…Кажется, он закричал. Остро, с обидой и пронзительно. Он изо всех сил постарался исправить свою чудовищную ошибку, затянувшую его в силки моей очнувшейся от «гипноза» воли. Я успел подумать почти одновременно с ним, что остановить гибель Владыки, разорвать кольцо его плена, можно лишь одним способом, — лишить жизни, существования самого носителя сосуда, содержащего в себе безбрежность и неизбежность его, Хаара, смерти…
Эта мысль пронзила меня гневным, страстным копьём прозрения. Я пробуждался от горячечного сна, в котором краткий миг, напоминавший мне вечность, правили бал завуалированные им под чудо кошмары. Из бесконечности моего прошлого ворвались в сердце и смели все иллюзии прежние мои черты. Я разъярённо заревел, сбрасывая с себя оковы навеянной покорности, что всегда были столь чужды моему духу. И в порыве гнева метнулся к свободе всем своим существом, сметая хлипкие кубики выстроенных им во мне "новых правил". Я вскидываю к нему руки, напрягаюсь каждой молекулой, будто стремясь добраться, дотянуться из-за граней неведомого до его, такого ненавистного мне, горла…
…Когда выросший уже прямо напротив меня Хаара в отчаянном и кажущемся неотразимым замахе занёс торенор, из моего «зазеркалья» с моих рук вдруг срывается, ударяет в поднятые ко мне ладони профессора и ослепляет меня неимоверно яркий сноп белого, как искрящийся на солнце снег, огня… Доктор пропадает в нём, шатаясь, как былинка в урагане, как спичка во вспышке поджигаемой ею взрывчатке. Окутанный губительным сияющим шаром, Фогель, как может, борется с пригибающим его напором стихии. Отразившись от объятого пламенем немца, добровольно выступившего в роли «накопителя», "транслятора", в сторону моей, всё ещё недвижимой «статуи», рванулся толстый и устойчивый рукав света, в который увлекло заодно и меня самого, вырвав из объятий аморфного клейстера временной петли…

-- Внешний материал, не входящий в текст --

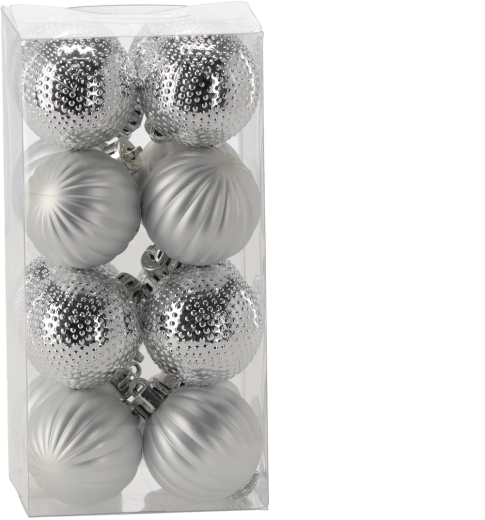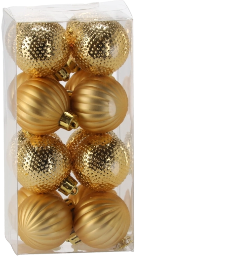 Teremtsen harmonikusan összehangolt karácsonyi dekorációt a 16 darabos, 4 cm átmérőjű gömbszettel a hagyományos piros, arany és ezüst színekben. A matt, fényes és glitteres felületek barázdált és pöttyözött textúrákkal látványos fényjátékot és stílusos, elegáns megjelenést biztosítanak.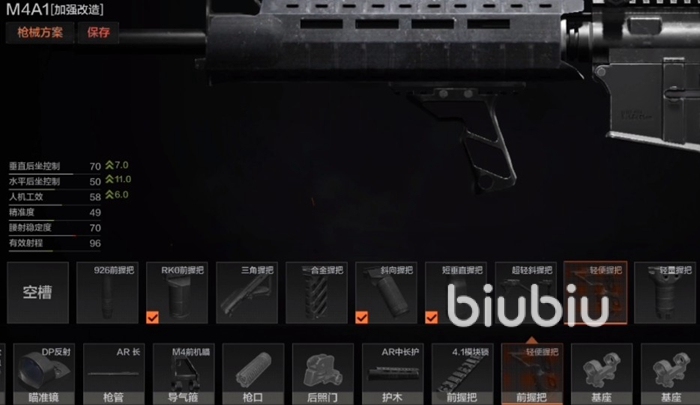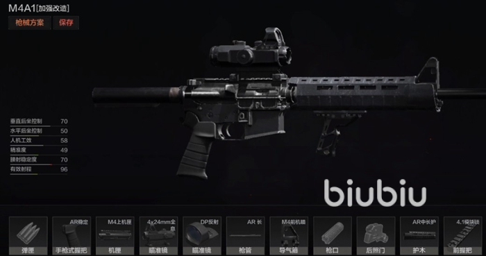 首先是槍墊,槍墊選擇卡賓槍托墊就可以了,彈匣隨意,握把選擇AR骨架握,機匣選擇M4上機匣,瞄準鏡選擇4x24mm全息。槍管選擇AR長槍管,導(dǎo)氣箍一定要選擇AR導(dǎo)氣箍。槍口選擇AR多口徑槍口,后照門不需要添加。護木選擇AR長護,前握把選擇4.1模塊鎖以及鋁制的握把。前照門和戰(zhàn)術(shù)配件不需要選擇,瞄準鏡中選擇PK-06加上DP反射配件。槍托選擇AR延長芯以及卡賓槍托。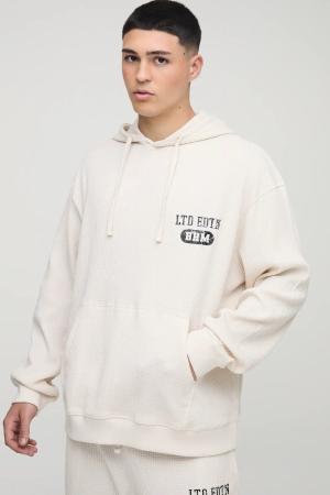 Oversize Hoodie In Waffeloptik - Ecru - M, Ecru
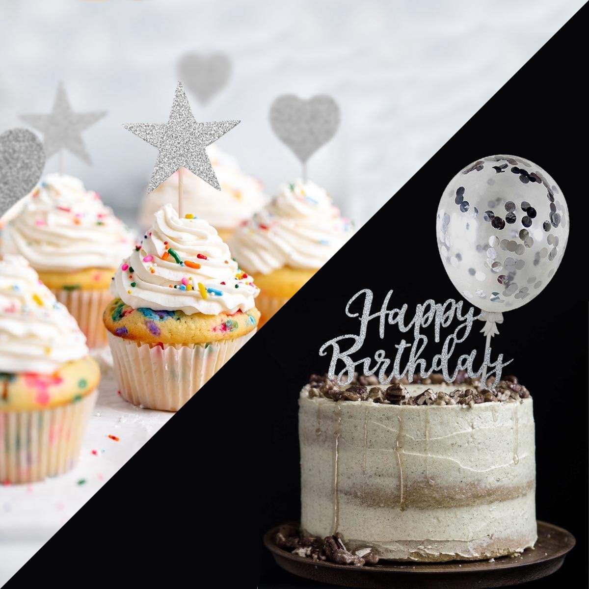 humairc tortendeko silber geburstagstorte deko happy birthday konfetti luftballon herze sternen cake topper kuchen aufsatze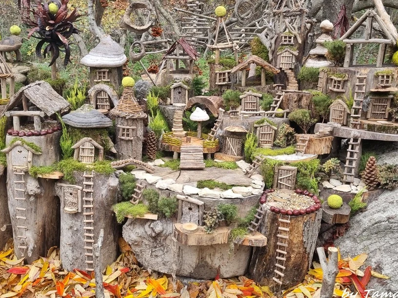 „Miután megkaptam az engedélyt, el is kezdtem az építést. Sok mindent meg tudtam menteni tavalyról – a kis házakat, ajtókat, ablakokat –, de így is rengeteg új elemet készítettem. Jó két hétbe telt, mire elkészültem. Minden természetes anyagból van, amit az erdőben vagy a környéken gyűjtöttem. Az idei verzió a tavalyinak a duplája lett, tíz métert biztosan elér.”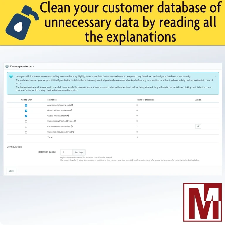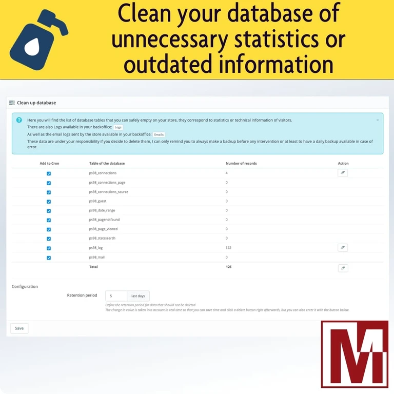 - Addons : https://addons.prestashop.com/en/website-performance/87733-maintenance-and-cleaning-of-your-store.html
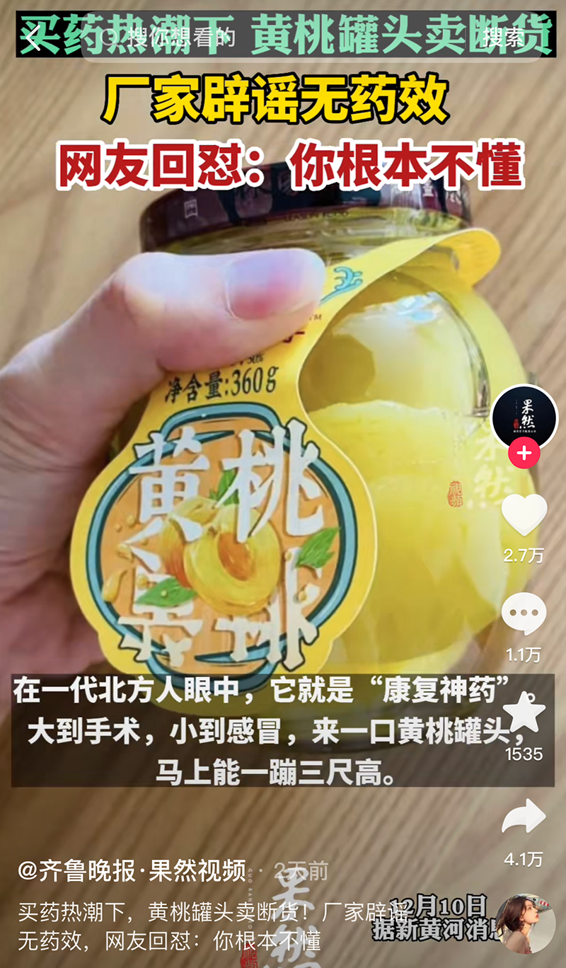 (我们的东北制片大哥立刻回怼我:你根本不懂!黄桃罐头没有药效,但是有魔力!)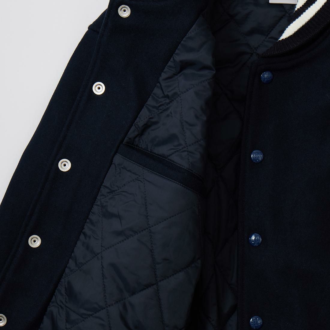 他の画像を見る メンズ アウター スタジャン アメリカ製 アメカジ GB SPORTS (ジービースポーツ) THE ALBANY - CLASSIC FIT SNAP FRONT WOOL LEATHER VARSITY JACKET QUILT LINING - NAVY MELTON_CREAM COW LEATHER 販売価格 ¥ 118,800 税込 お気に入りに登録する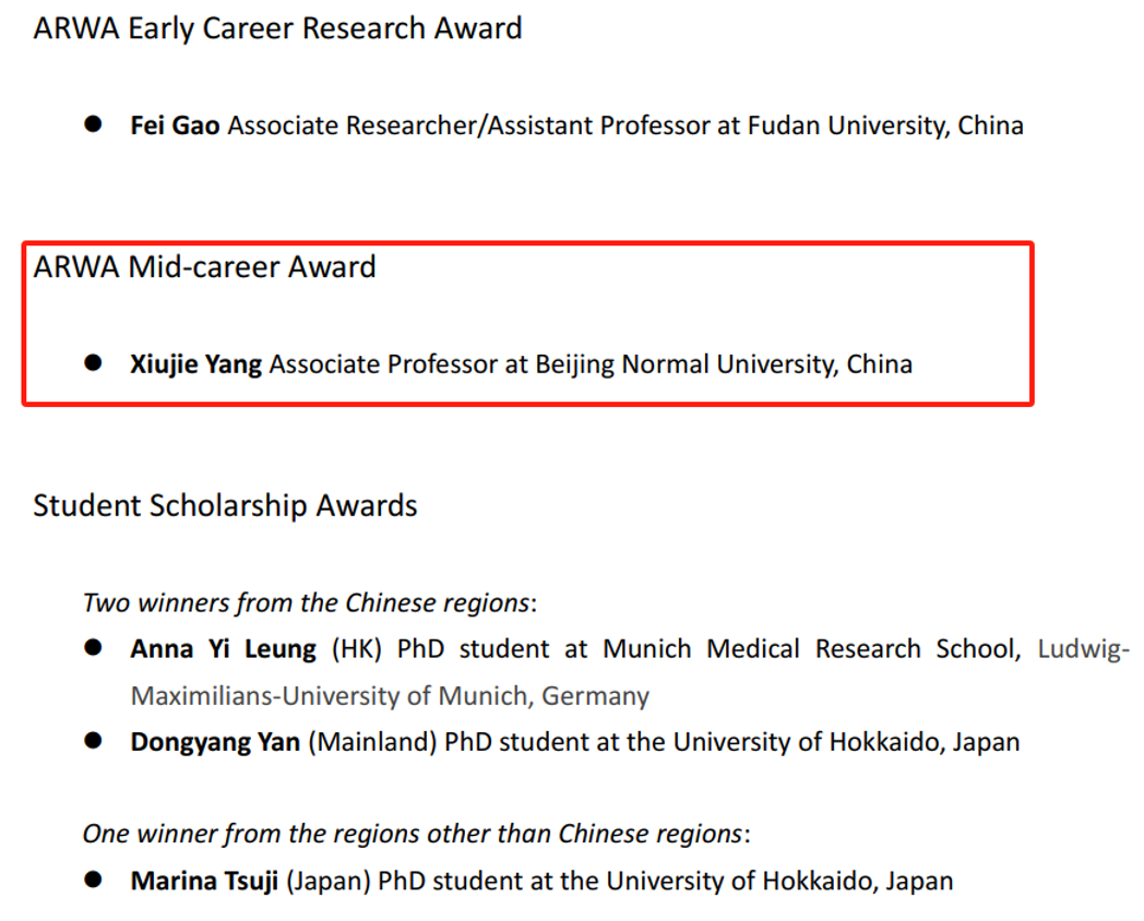 亚洲读写协会(AWRA)主要聚焦于全世界读写能力研究者,并以亚洲语言为主的儿童与成年人的读写能力发展(如中文、日语、韩文等)、读写障碍与语言加工过程,致力于促进关于读写能力的科学研究。Mid-Career Award奖项主要颁发给处于职业生涯中期,并且在语言(阅读)或写作习得领域拥有杰出贡献的研究人员,该奖项每年仅一位获奖人。

Моя душа мчалась по сияющему бриллиантами световому потоку и видела всю мощь Мира, сосредоточенную в этой ревущей колонне очищающего, карающего, творящего и губящего Пространство огня. Огня, что, преломившись о мою ссутулившуюся и будто чужую фигуру, часть этой чистой, первозданной энергии пропустил в сторону разом вскипевшей и взвывшей Матки. А та, силясь устоять, попыталась отразить, отбросить смертельный посыл, вонзив его в потолок. Это было единственным, что могло попытаться сделать наследие мятежного Иузулла. Мощь Света шутя прошила корабль и устремилась куда-то в далёкую бесконечность космоса. Где-то в стратосфере спарено пророкотал искусственный гром, ярким сполохом освещая нагромождения льдов. На несколько секунд превращая приполярные сумерки в самый яркий день из всех возможных. Раздирая пространство на простейшие частицы, ревело немыслимо могучее, ненасытное и способное рождать и пожирать собою звёзды, порождение щедрого величия Упорядоченного. И в тот самый миг, когда завершавший атаку Пра, до которого ещё не дошёл весь смысл всех окружающих нас метаморфоз, почти донёс лезвие до моей шеи, моё тело проснулось. В нём вскипели битвы Начал, с ожесточением одарённых пищей хищников растаскивающие, раскидывающие мою плоть по краям Вселенной. Я совершенно спокойно понял, что меня больше нет. Что выполнившая своё основное предназначение молекула Сущего уже более не присутствует в том высоком и мощном теле. Она отлетела, как оторвавшийся от костра блик мелькнувшего и пропавшего в воздухе кусочка пламени. Всё, что мне осталось, это наблюдать. И я смотрел. Я видел…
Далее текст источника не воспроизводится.